Em 17 de setembro de 1947, a AJA passa novamente por uma reestruturação, sendo incorporada ao Centro Acadêmico “XI de Agosto” e adota a denominação Departamento Jurídico “XI de Agosto”, que permanece até os nossos dias. É válida a lembrança ao Presidente do Centro Acadêmico da época, Ubirajara Keutenedjian e ao grupo de cinco acadêmicos que compunham a diretoria do DJ: Flávio Trombetti (presidente), Carlos Salles Buono (vice-presidente), Moacir Leite (tesoureiro), Nilo Delorenzo (secretário) e Heitor Reale (segundo secretáro). A mudança também foi espacial: da rua Riachuelo, 194, o DJ mudou-se para a avenida Rangel Pestana, nº 28, Na década de 1950, o DJ – como ficou conhecido – patrocinou cada vez mais ações, passando de 30 (1949) para 218 (1952), 678 (1953) e mais de 900 (1954). A partir de 1953, o DJ passou a contar com o primeiro advogado orientador, Jayme Kawas. Em 3 de junho de 1955, o DJ instalou-se na 5ª sobreloja do Edifício Bocaiuva, à rua Quintino Bocaiuva, 255 e 257.

Em 1959, a entidade mudou-se definitivamente para os conjuntos 1701 e 1702 do Edifício Jurídico, situados na praça João Mendes, 62, 17º andar, onde está até os dias de hoje. Em 2011, foi realizada uma reforma da estrutura física, tendo sido incorporado o conjunto 1701 do Edifício Berenice. Em 2014 foi realizada uma reforma da estrutura informacional, com a incorporação de equipamentos de última geração.

O DJ segue cumprindo a missão para a qual foi idealizado há mais de 90 anos: iniciar os estudantes da Faculdade de Direito do Largo de São Francisco na prática da advocacia, ao mesmo tempo em que garante à população carente da cidade de São Paulo acesso gratuito à Justiça. Em homenagem à sua bravura e desprendimento, a Diretoria da Faculdade condecorou os estagiários do DJ, em 2007, com o Prêmio “Spencer Vampré”, destinado aqueles que deram contribuição valiosa à sua consolidação como instituição de ensino de relevo.

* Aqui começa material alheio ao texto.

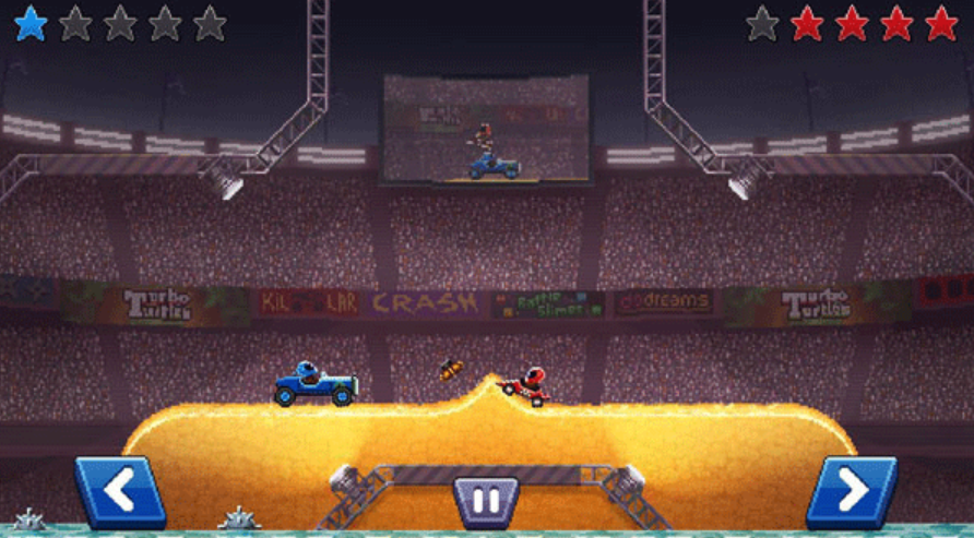 亮點在于種類繁多的賽車與豐富的裝備選項,玩家可以安裝出獨一無二的帥氣賽車。操作界面簡潔明了,左側控制賽車方向,右側則負責前進與后退,能夠輕松上手,而玩法極富娛樂性,玩家需巧妙把握時機,將對手車輛撞下平臺,驅逐出比賽場地。在像素風格的戰(zhàn)場上,只需簡單操控賽車,便能體驗賽車競技的精彩。

Conhecido por sua história de lutas ao longo de todos esses anos, o Departamento Jurídico XI de Agosto representa uma ferramenta fundamental à consolidação da democracia brasileira em termos materiais, no sentido de canalizar institucionalmente via Poder Judiciário as demandas de pessoas que se vêem constantemente excluídas dos meios de formação da vontade pública da sociedade brasileira.